Oh shit does lemmy not have response caching? Yeah, that's gonna be an issue pretty soon.
https://www.reddit.com/r/Lemmy/comments/14h965f/comment/jpdemet
I have no idea, just inferred that from some other posts.
Ehhhhhhh. Using a relational database for Lemmy was certainly a choice, but I don't think it's necessarily a bad one.
Within Lemmy, by far the most expensive part of the database is going to be comment trees, and within the industry the consensus on the best database structure to represent these is... well, there isn't one. The efficiency of this depends way more on how you implement it within a given database model than on the database model itself. Comment trees are actually a pretty difficult problem; you'll notice a lot of platforms have limits on comment depth, and there's a reason for that. Getting just one level of replies to work efficiently can be tricky, regardless of the choice of DBMS.

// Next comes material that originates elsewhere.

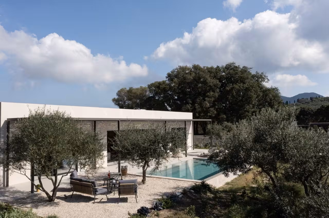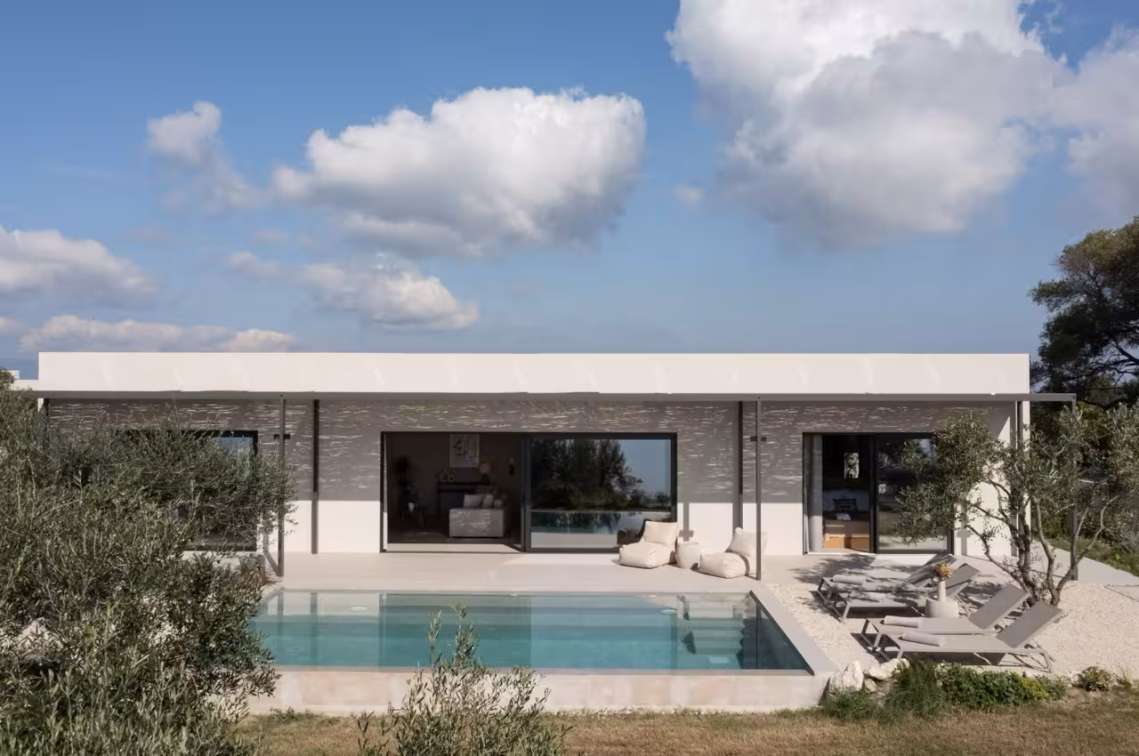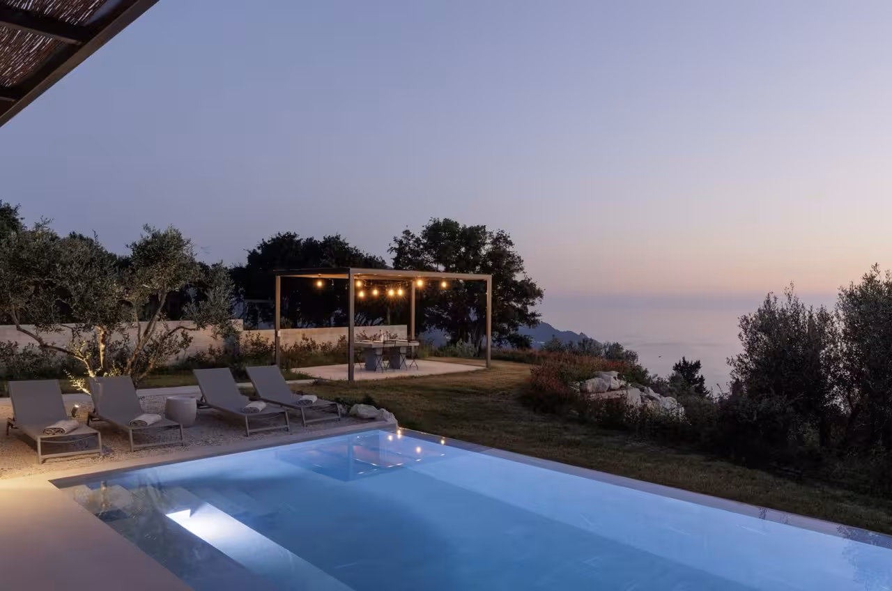 A stunning trio of two-bedroom luxury villas with private pools, set within 40 acres of natural beauty and offering breathtaking 180-degree views over Corfu’s Sunset Coast, the Ionian Sea, and the beaches of Agios Giordios and Glyfada.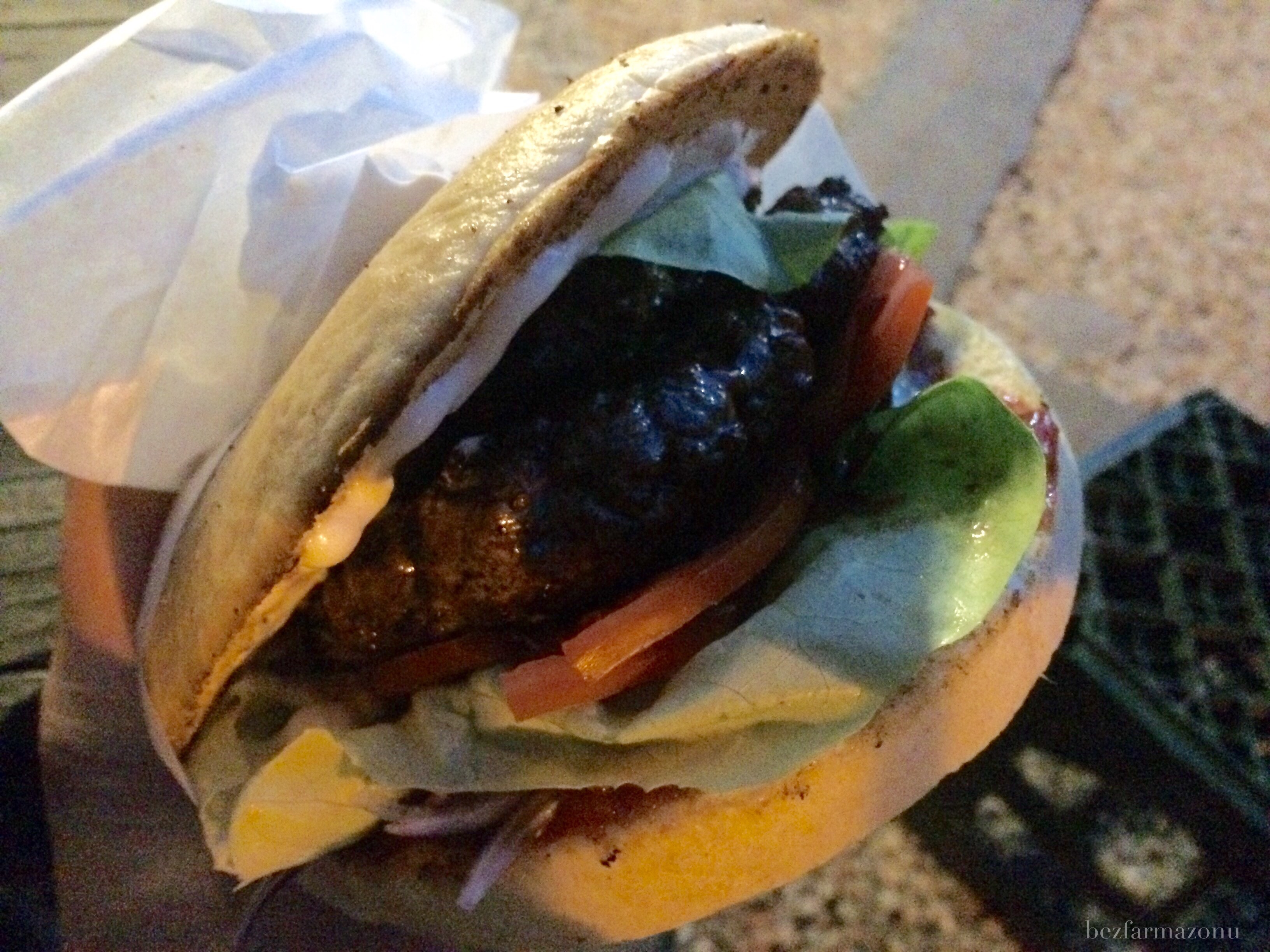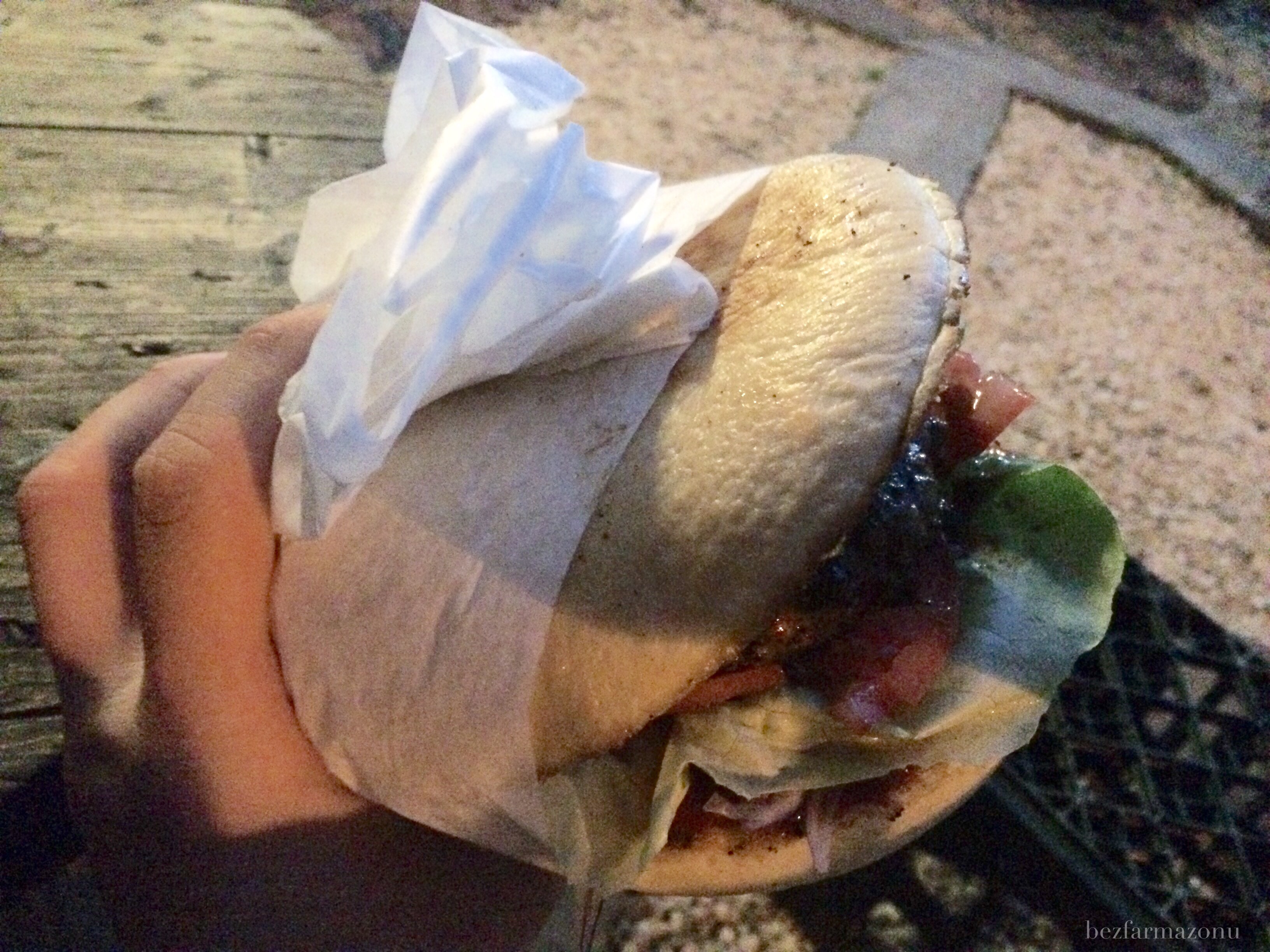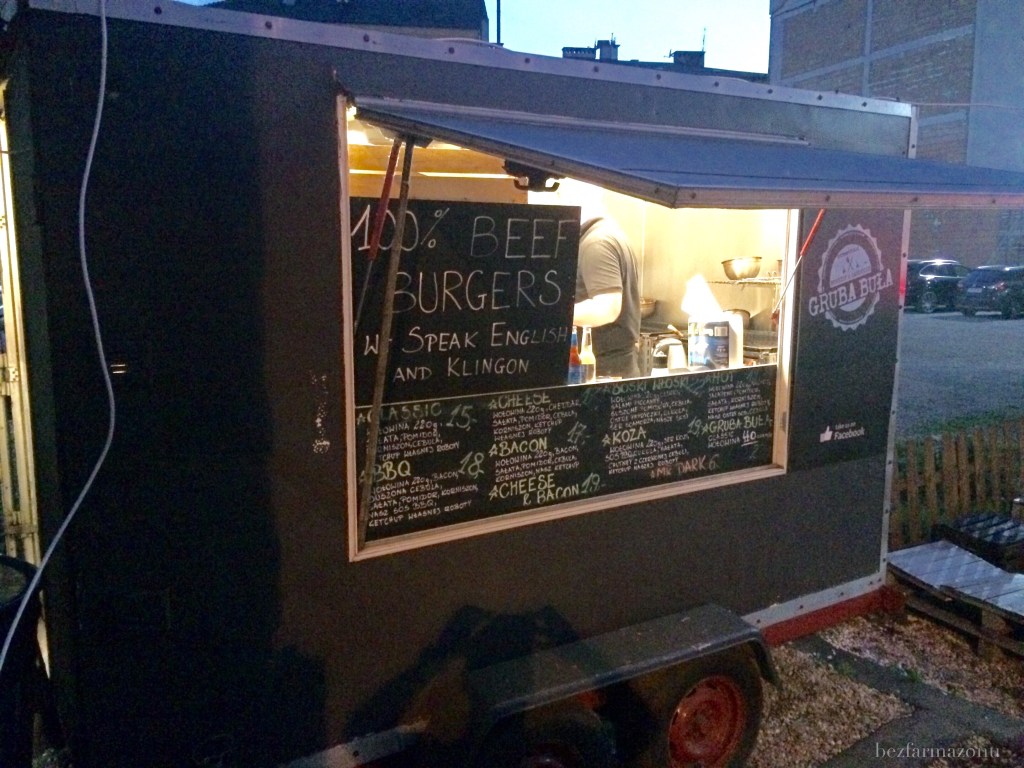 Gruba Buła serwuje tylko burgery – wszystkie UWAGA z 220g mięsa co stawia ich na samej górze podium jeśli chodzi o gramaturę. Cena takiego przykładowego Classica to 15 PLN! Konsumujemy „po hipstersku” czyli siedzimy na kratach z piwa/napojów przy prowizorycznym stoliku – w lecie nic więcej na szybki fast food nie jest potrzebne.

Looking at the schema Lemmy uses, I see a couple opportunities to optimize it down the road. One of the first things I noticed is that comment replies don't seem to be directly related back to the top-level post, meaning you're restricted to a breadth-first search of the comment tree at serving time. Most comments will be at pretty shallow depths, so it sometimes makes sense to flatten the first few levels of this structure so you can get most relevant comments in a single query and rebuild the tree post-fetching. But this makes nomination (i.e. getting the "top 100" or whatever comments to show on your page) a lot more difficult, so it makes sense that it's currently written the way it is.
If it's true (as another commenter said) that there's no response caching for comment queries, that's a much bigger opportunity for optimization than anything else in the database.